*AVAILABLE RECORDS*
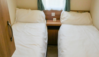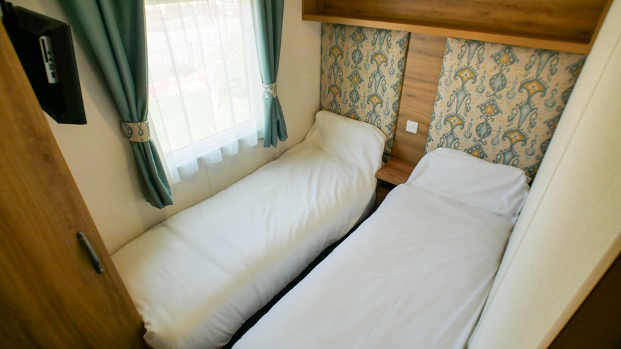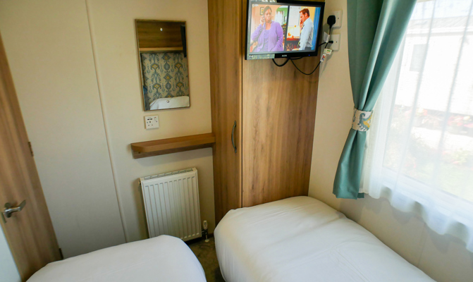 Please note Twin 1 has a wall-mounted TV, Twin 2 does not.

...

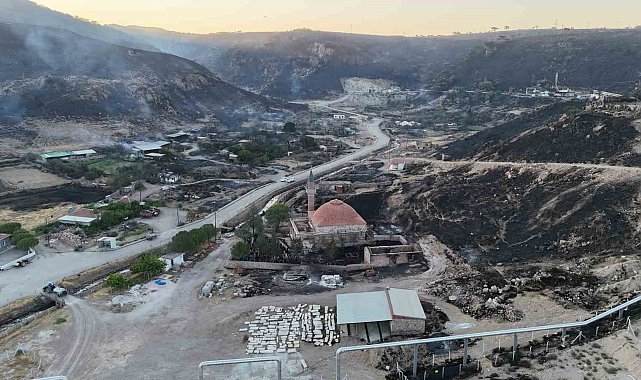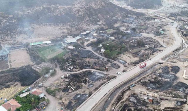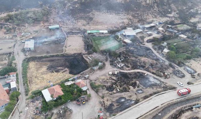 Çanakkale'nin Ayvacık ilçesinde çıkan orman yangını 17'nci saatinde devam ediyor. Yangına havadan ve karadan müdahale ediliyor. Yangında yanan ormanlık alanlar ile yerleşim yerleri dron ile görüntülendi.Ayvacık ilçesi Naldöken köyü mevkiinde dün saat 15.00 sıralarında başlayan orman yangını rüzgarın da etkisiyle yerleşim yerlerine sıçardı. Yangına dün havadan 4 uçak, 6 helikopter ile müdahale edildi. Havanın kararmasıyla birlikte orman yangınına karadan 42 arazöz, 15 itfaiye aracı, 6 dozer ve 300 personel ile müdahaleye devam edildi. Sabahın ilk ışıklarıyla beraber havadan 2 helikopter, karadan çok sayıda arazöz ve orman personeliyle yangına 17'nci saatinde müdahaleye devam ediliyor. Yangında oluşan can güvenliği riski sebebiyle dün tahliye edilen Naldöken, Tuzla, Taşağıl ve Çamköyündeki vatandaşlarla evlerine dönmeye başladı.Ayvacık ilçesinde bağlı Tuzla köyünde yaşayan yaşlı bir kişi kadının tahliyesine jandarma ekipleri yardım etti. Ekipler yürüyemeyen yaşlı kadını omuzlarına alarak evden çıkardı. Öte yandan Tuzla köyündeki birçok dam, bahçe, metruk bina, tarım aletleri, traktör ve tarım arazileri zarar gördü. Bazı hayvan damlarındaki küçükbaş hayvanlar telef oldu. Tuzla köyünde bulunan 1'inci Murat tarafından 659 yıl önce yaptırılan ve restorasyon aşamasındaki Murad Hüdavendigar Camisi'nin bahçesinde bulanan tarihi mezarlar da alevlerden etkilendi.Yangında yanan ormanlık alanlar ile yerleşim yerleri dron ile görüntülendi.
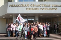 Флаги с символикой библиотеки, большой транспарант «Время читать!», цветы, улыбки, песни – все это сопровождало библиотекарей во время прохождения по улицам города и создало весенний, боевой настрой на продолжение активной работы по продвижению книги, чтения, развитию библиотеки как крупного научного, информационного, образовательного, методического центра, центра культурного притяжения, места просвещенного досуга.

*DESCRIPTION OF THE TASK*
In the material above, one part opens with the line containing "Çanakkale'nin Ayvacık ilçesinde" and closes with the line containing "Флаги с символикой". Write out that part exactly and skip its pictures.

*SOLVED PROBLEM*
 Çanakkale'nin Ayvacık ilçesinde çıkan orman yangını 17'nci saatinde devam ediyor. Yangına havadan ve karadan müdahale ediliyor. Yangında yanan ormanlık alanlar ile yerleşim yerleri dron ile görüntülendi.Ayvacık ilçesi Naldöken köyü mevkiinde dün saat 15.00 sıralarında başlayan orman yangını rüzgarın da etkisiyle yerleşim yerlerine sıçardı. Yangına dün havadan 4 uçak, 6 helikopter ile müdahale edildi. Havanın kararmasıyla birlikte orman yangınına karadan 42 arazöz, 15 itfaiye aracı, 6 dozer ve 300 personel ile müdahaleye devam edildi. Sabahın ilk ışıklarıyla beraber havadan 2 helikopter, karadan çok sayıda arazöz ve orman personeliyle yangına 17'nci saatinde müdahaleye devam ediliyor. Yangında oluşan can güvenliği riski sebebiyle dün tahliye edilen Naldöken, Tuzla, Taşağıl ve Çamköyündeki vatandaşlarla evlerine dönmeye başladı.Ayvacık ilçesinde bağlı Tuzla köyünde yaşayan yaşlı bir kişi kadının tahliyesine jandarma ekipleri yardım etti. Ekipler yürüyemeyen yaşlı kadını omuzlarına alarak evden çıkardı. Öte yandan Tuzla köyündeki birçok dam, bahçe, metruk bina, tarım aletleri, traktör ve tarım arazileri zarar gördü. Bazı hayvan damlarındaki küçükbaş hayvanlar telef oldu. Tuzla köyünde bulunan 1'inci Murat tarafından 659 yıl önce yaptırılan ve restorasyon aşamasındaki Murad Hüdavendigar Camisi'nin bahçesinde bulanan tarihi mezarlar da alevlerden etkilendi.Yangında yanan ormanlık alanlar ile yerleşim yerleri dron ile görüntülendi.
 Флаги с символикой библиотеки, большой транспарант «Время читать!», цветы, улыбки, песни – все это сопровождало библиотекарей во время прохождения по улицам города и создало весенний, боевой настрой на продолжение активной работы по продвижению книги, чтения, развитию библиотеки как крупного научного, информационного, образовательного, методического центра, центра культурного притяжения, места просвещенного досуга.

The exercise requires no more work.